Why does is_prime fail for some numbers?



Why does is_prime fail for some numbers?


If your code is failing for some numbers, it’s likely because you’re returning too soon, or because you’re returning the wrong thing in the wrong place. Without giving away the answer, take a look at the example control flow pseudo code below:

# From hint: any number less than 2 is not prime
if x is less than 2:
  return x is not prime

# This loop is where we put our number to the test and return False
# so the function exits immediately if x isn’t prime
for n from 2 to x:
  if x is evenly divisible by n:
    return x is not prime

# If we made it here, our number must be prime because none
# of the other return statements were executed!
return x is prime

FAQ: Learn Python - Practice Makes Perfect - factorial FAQ: Learn Python - Practice Makes Perfect - is_prime

How is this code not returning 2 as False.

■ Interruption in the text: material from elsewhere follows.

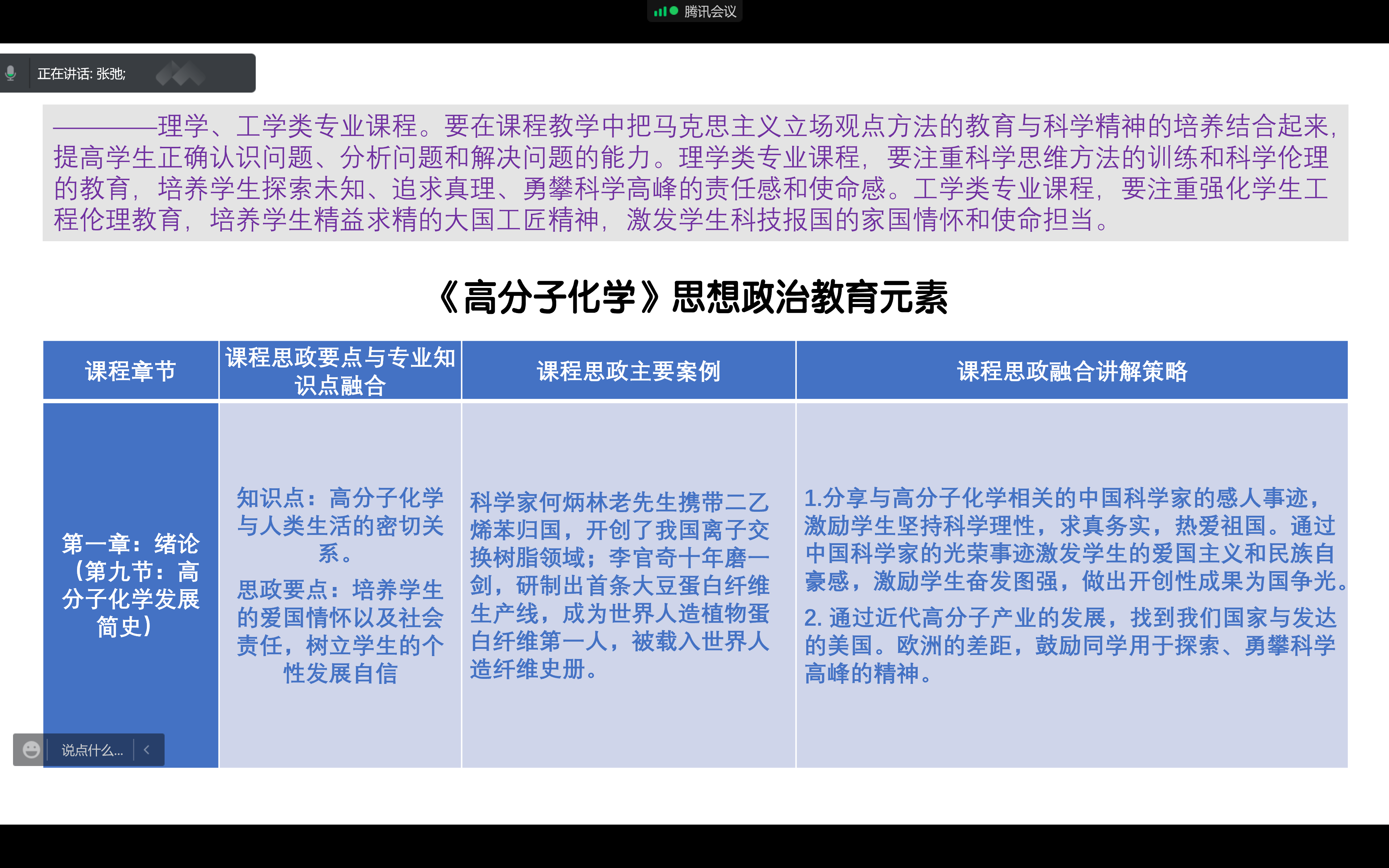首先,大家一起学习了公司下发的“基层教学组织教学研讨主题”材料,针对理工专业课程,集中讨论了如何在课程教学中把马克思主义立场观点方法的教育与科学精神的培养结合起来,强化员工工程伦理教育,培养员工精益求精的大国工匠精神,激发员工科技报国的家国情怀和使命担当。之后,邵梅玲老师分享了在《高分子化学》课程中思政元素融入的整体构思,并举例阐述了思政元素与具体知识点相结合的教学设计。

The loop does not run when x is 2, so it falls to the bottom return line.


Sorry, I am not getting the for condition when x is 2. It should return false as 2%2 = 0.


The parameters set in the range do not permit x to enter the loop if it is 2.

x = 2

range(2, x)  =>  (2..1)  =>  []


thank you, mtf…
didn’t consider that


A post was split to a new topic: Don’t understand about why the solution works


9 posts were split to a new topic: Range in is_prime


2 posts were split to a new topic: Your function fails on is_prime(4)

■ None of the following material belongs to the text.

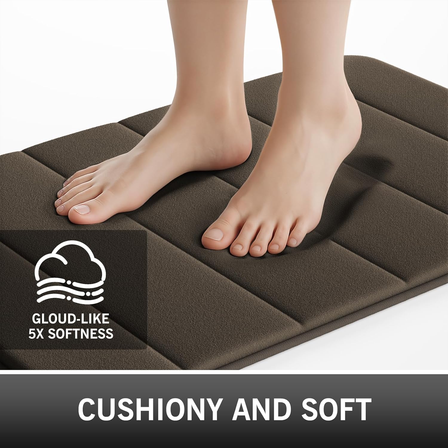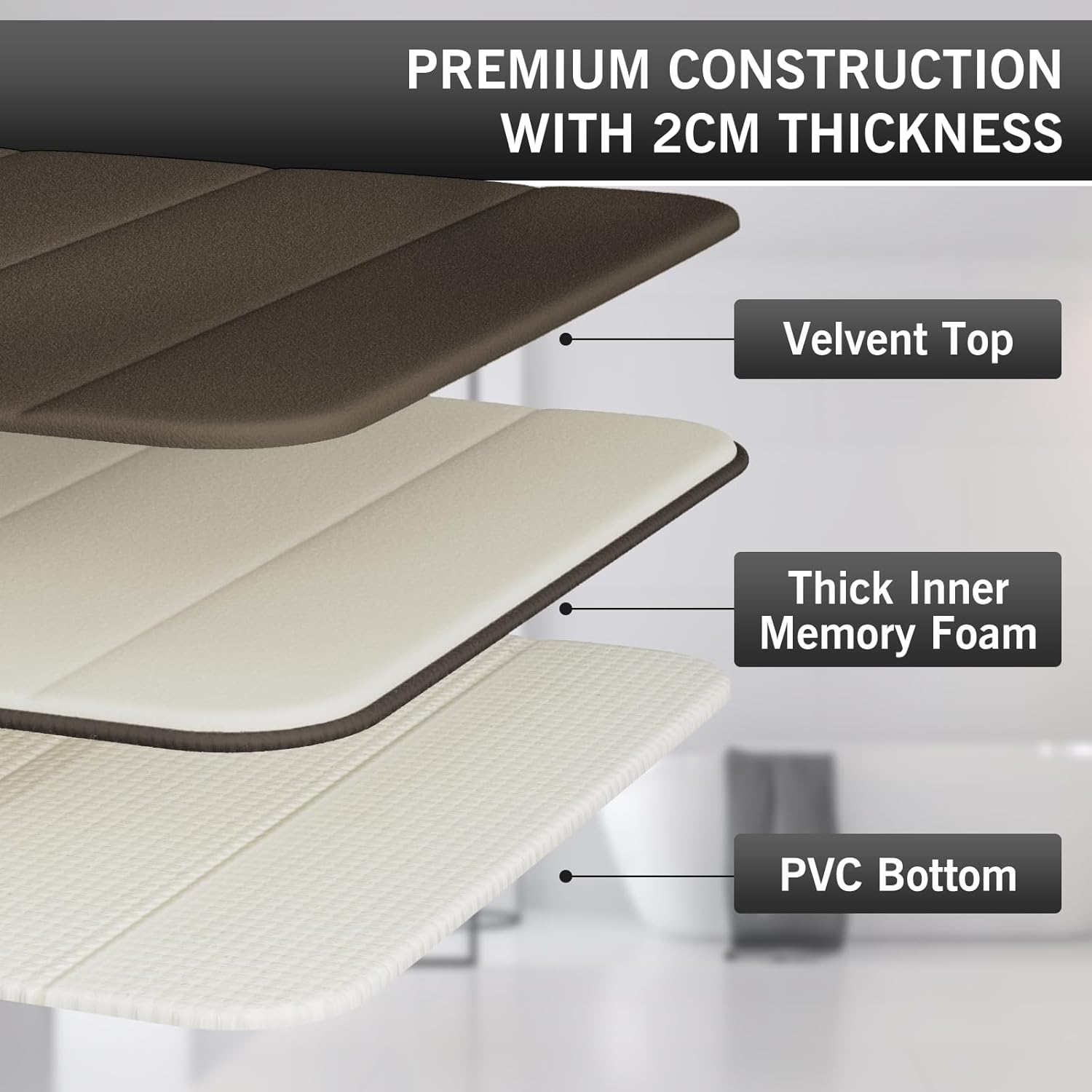 • ПЪРВОКЛАСЕН КОМФОРТ ОТ МЕМОРИ ПЯНА Изпитайте мекота, подобна на облак, с нашата сърцевина от мемори пяна с висока плътност 5/8", която се оформя по краката ви, осигурявайки изключително омекотяване и облекчаване на натиска. Технологията с бавно отскачане нежно масажира уморените стъпала и превръща банята ви в спа център след всеки душ.

Hi there, can anyone explain why we need to use (x- 1) as range? Thx


We don’t. That’s a misnomer of the author to indicate that range excludes the highest value, x.

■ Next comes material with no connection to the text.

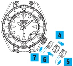 - Oprava potápačských hodiniek si vyžaduje špeciálne odborné znalosti a vybavenie. Ak zistíte, že vaše potápačské hodinky nefungujú správne, nikdy sa ich nepokúšajte opraviť, ale ich okamžite pošlite do najbližšieho servisného strediska SEIKO.

range(10)    # [0, 1, 2, 3, 4, 5, 6, 7, 8, 9]


Oh right! Thanks mtf


def is_prime(x):
if x < 2:
return False
if x == 2:
return True
for i in range(2, x):
if x % i == 0:
return False
return True

Why is this returning your function fails on is_prime(9). It returns True when it should return False?


If we may assume that else is on the if, then that is the problem. There is no default action if the above return False does not happen. Just continue the loop and have the function return True after the loop.


I am unsure what you mean by that. Returning True or False after the function does not change anything


If 9 is not divisible by 2 does that make it Prime? No. So why would we return True by default? That is why there is no else in the if statement.

  for ...:
    if ...:
      return False
  return True


That was just way more simple than I was thinking. It works perfectly. Thanks!


I kept getting hit by a lot of the default cases too. I didn’t know 1 wasn’t prime. :slight_smile:
Anyway I guess it doesn’t matter, but the suggested solutions are super inefficient . I thought maybe something like this:

def is_prime(x):
   if x < 2: return False
   if x == 2: return True
   if not x % 2: return False
   test = 3
   while test < (x / 2):
     if not x % test:
       return False
     test += 2
   return True

No reason to go past half the numbers, or to keep checking even numbers over and over. I’m sure this could be made more efficient too. Finding the first million prime numbers or something shouldn’t really be that slow. :sweat_smile:


Generally speaking, it helps if we understand a concept before going headlong into solving a problem that relates to it.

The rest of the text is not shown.